Each entry is to be repeated word for word, and the images are to be dropped.
=== Provided material ===
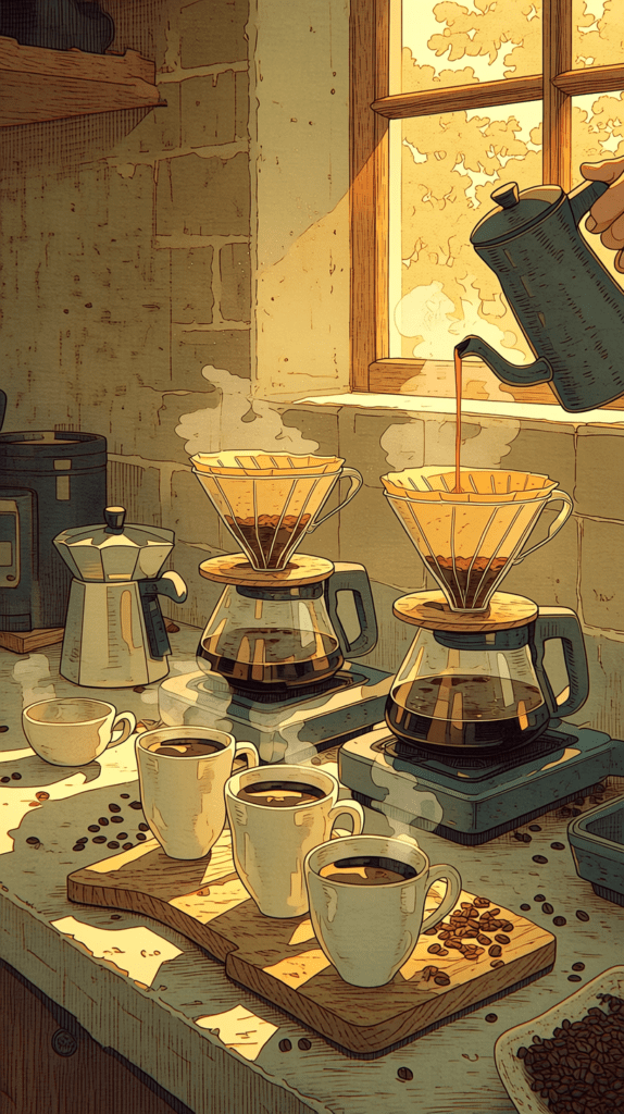 朝の台所プロンプト|コーヒーを淹れる日常風景の描き方
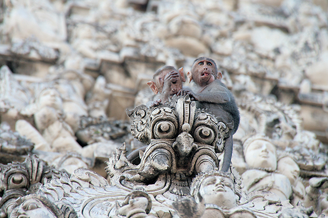 Beyond removing ectoparasites and dirt from the partner’s body, grooming triggers the activation of endorphins in the central nervous system, which relaxes the animals and facilitates the maintenance and establishment of long-term social relationships. The picture shows social grooming in capuchin monkeys.
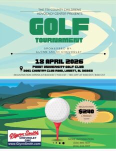 Tri-County Children’s Advocacy, in partnership with Glynn Smith Chevrolet, will host the annual golf tournament at the Point University Golf Club in Lanett on April 18th, 2026.
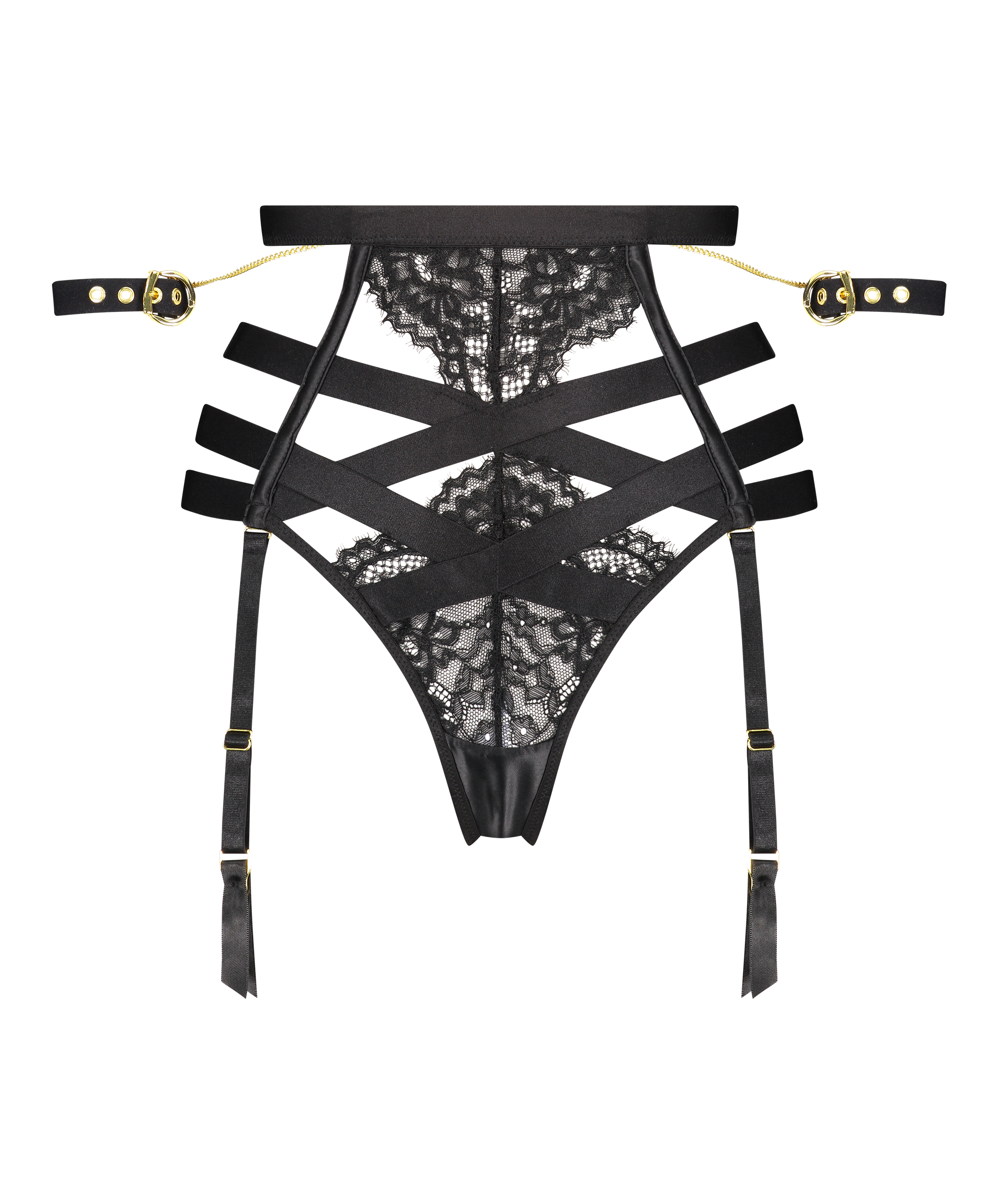 Bedroom passion guaranteed with this high waist thong from the Private Collection. It has an open crotch and can be combined with stockings: super sexy! For extra excitement, there are handcuffs that can be unfastened from the knickers. Combine with the matching bralette for a complete set.
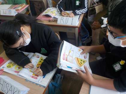 ピザ屋になったつもりで,自分のお気に入りのピザを注文する練習をしました。うまくジェスチャーを取り入れながら伝えている姿も見られました。
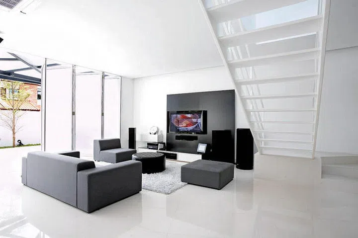 The use of blocky furniture echoes the home’s sleek, architectural lines, and its dark grey hue juxtaposes with the all-white space to create a balanced colour scheme. This minimalist aesthetic is a hallmark of the open-concept design, allowing the focus to remain on the home’s clean lines and natural materials. The angular shapes of the furniture also complement the angular architecture of the 3-storey house, creating a harmonious visual flow throughout the interior.
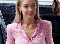 Candids of Gigi Hadid dressed in pink from top to bottom while getting out of a car in NYC! The blouse is slightly see through.
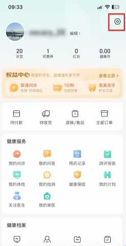 1、在手机上打开京东健康,点(dian)击个人中心的“设置”。
===
▸ Answer section
 朝の台所プロンプト|コーヒーを淹れる日常風景の描き方
 Beyond removing ectoparasites and dirt from the partner’s body, grooming triggers the activation of endorphins in the central nervous system, which relaxes the animals and facilitates the maintenance and establishment of long-term social relationships. The picture shows social grooming in capuchin monkeys.
 Tri-County Children’s Advocacy, in partnership with Glynn Smith Chevrolet, will host the annual golf tournament at the Point University Golf Club in Lanett on April 18th, 2026.
 Bedroom passion guaranteed with this high waist thong from the Private Collection. It has an open crotch and can be combined with stockings: super sexy! For extra excitement, there are handcuffs that can be unfastened from the knickers. Combine with the matching bralette for a complete set.
 ピザ屋になったつもりで,自分のお気に入りのピザを注文する練習をしました。うまくジェスチャーを取り入れながら伝えている姿も見られました。
 The use of blocky furniture echoes the home’s sleek, architectural lines, and its dark grey hue juxtaposes with the all-white space to create a balanced colour scheme. This minimalist aesthetic is a hallmark of the open-concept design, allowing the focus to remain on the home’s clean lines and natural materials. The angular shapes of the furniture also complement the angular architecture of the 3-storey house, creating a harmonious visual flow throughout the interior.
 Candids of Gigi Hadid dressed in pink from top to bottom while getting out of a car in NYC! The blouse is slightly see through.
 1、在手机上打开京东健康,点(dian)击个人中心的“设置”。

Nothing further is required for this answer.